Wasp, released by teen idol Shaun Cassidy in 1980, was his fifth and final studio album.  In an attempt to salvage a sinking pop career, Cassidy recruited Todd Rundgren to help "reinvent" his music career. Members of Rundgren's group Utopia also played on the record, and the work had a decidedly "new wave" feel.

The majority of tracks featured on Wasp were cover songs. The album featured a version of David Bowie's song, "Rebel Rebel," in which Cassidy included a passage from The Crystals' "He's a Rebel." Other covers included The Who's "So Sad About Us," Ian Hunter's "Once Bitten, Twice Shy," the Talking Heads' "The Book I Read," The Animals' 1965 hit "It's My Life," and The Four Tops' 1966 hit "Shake Me, Wake Me." All of the other songs were written by Rundgren and various members of his band. Unlike his previous four albums where he wrote at least one song, Cassidy was given a co-writing credit on "Cool Fire."
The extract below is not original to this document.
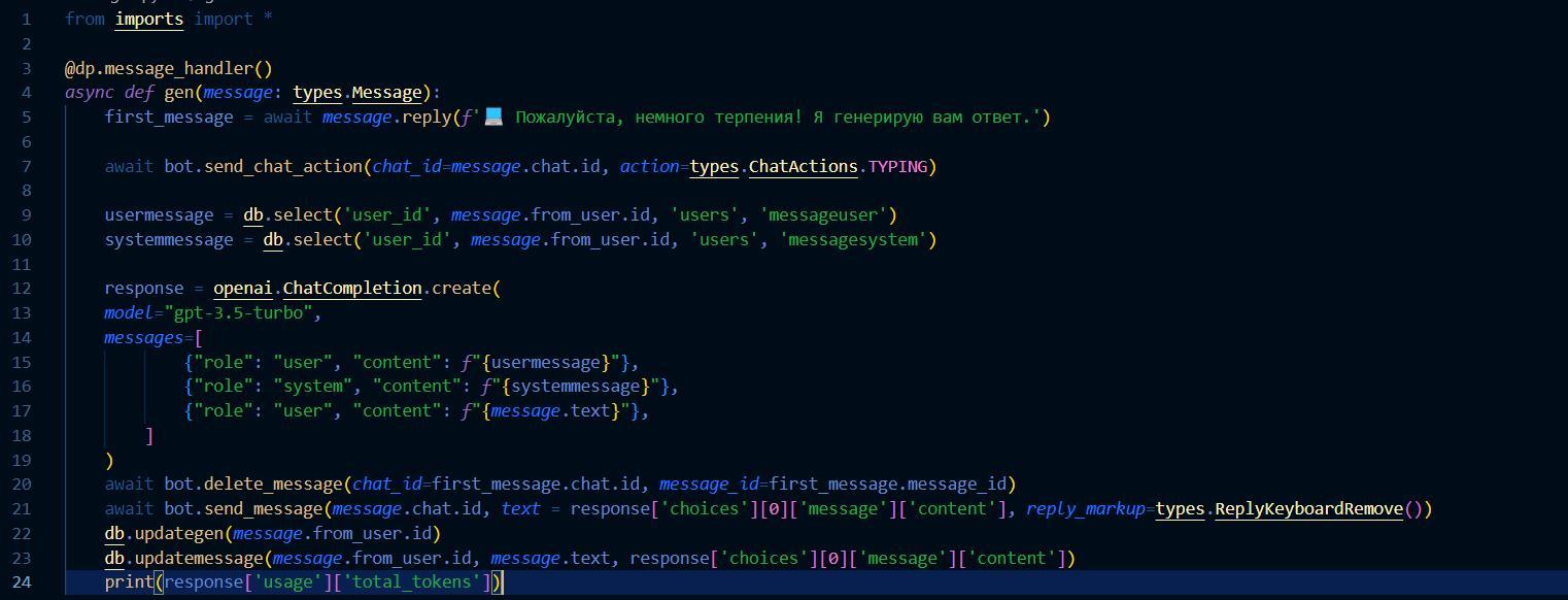 Этот код создает бота, который будет отвечать на каждое сообщение пользователя в отдельности, используя OpenAI API для генерации ответов. Функция generate_answer использует OpenAI API для получения ответа на сообщение пользователя. Обработчики сообщений бота зарегистрированы с помощью функции dp.message_handler(), которая будет вызываться каждый раз, когда бот получает сообщение от пользователя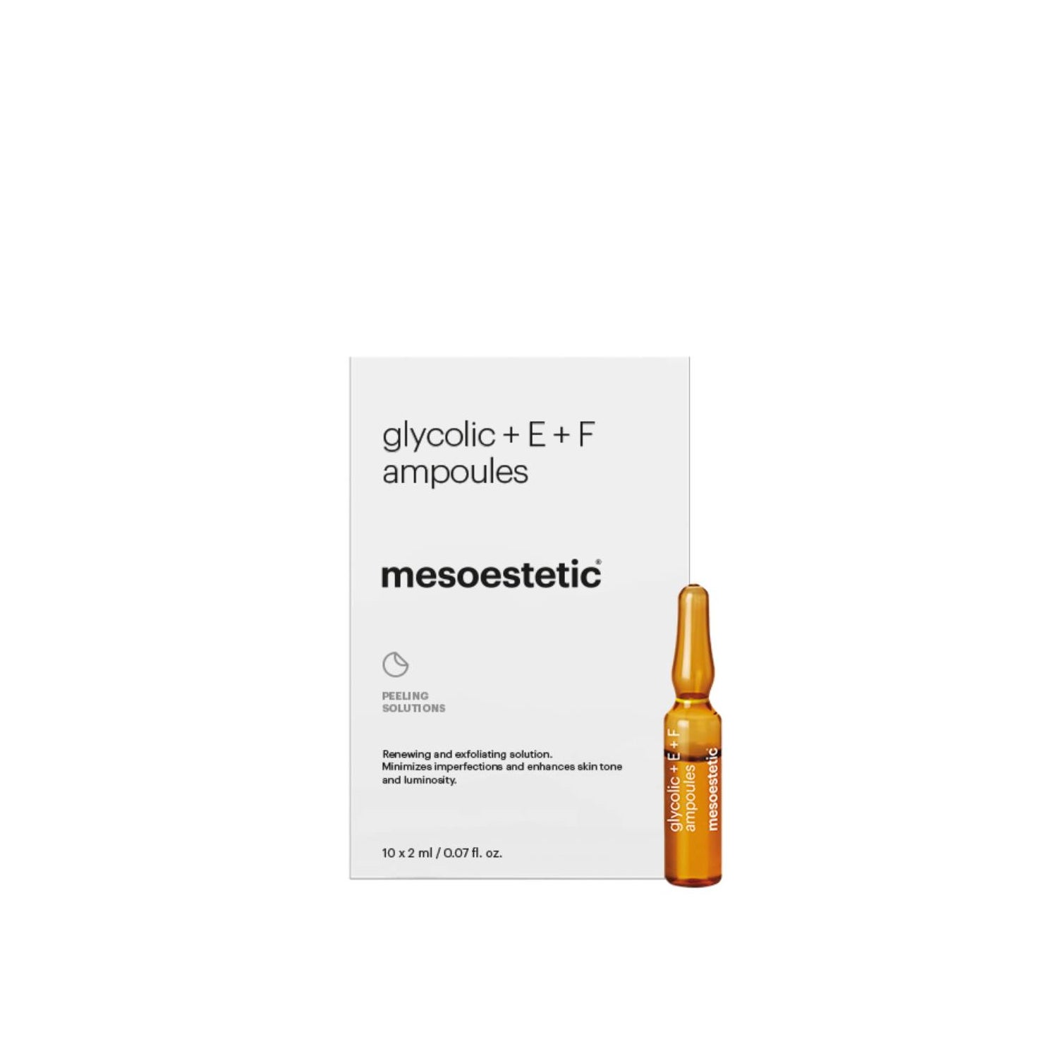 La formulation de ces ampoules combine des ingrédients qui favorisent une peau plus douce et uniforme. Son utilisation est recommandée sous la supervision d'un professionnel pour obtenir les meilleurs résultats. Les ampoules Mesoestetic Glycolic + E + F sont une option efficace pour ceux qui cherchent à améliorer l'apparence de leur peau de manière significative.

The reinvention of teenybopper Cassidy as an edgy new wave artist was not enough to capture the attention of audiences.  The album was Cassidy's second album not to chart on Billboard, effectively ending his pop music career. Cassidy would score a final hit in Europe in 1989 with the standalone single "Memory Girl."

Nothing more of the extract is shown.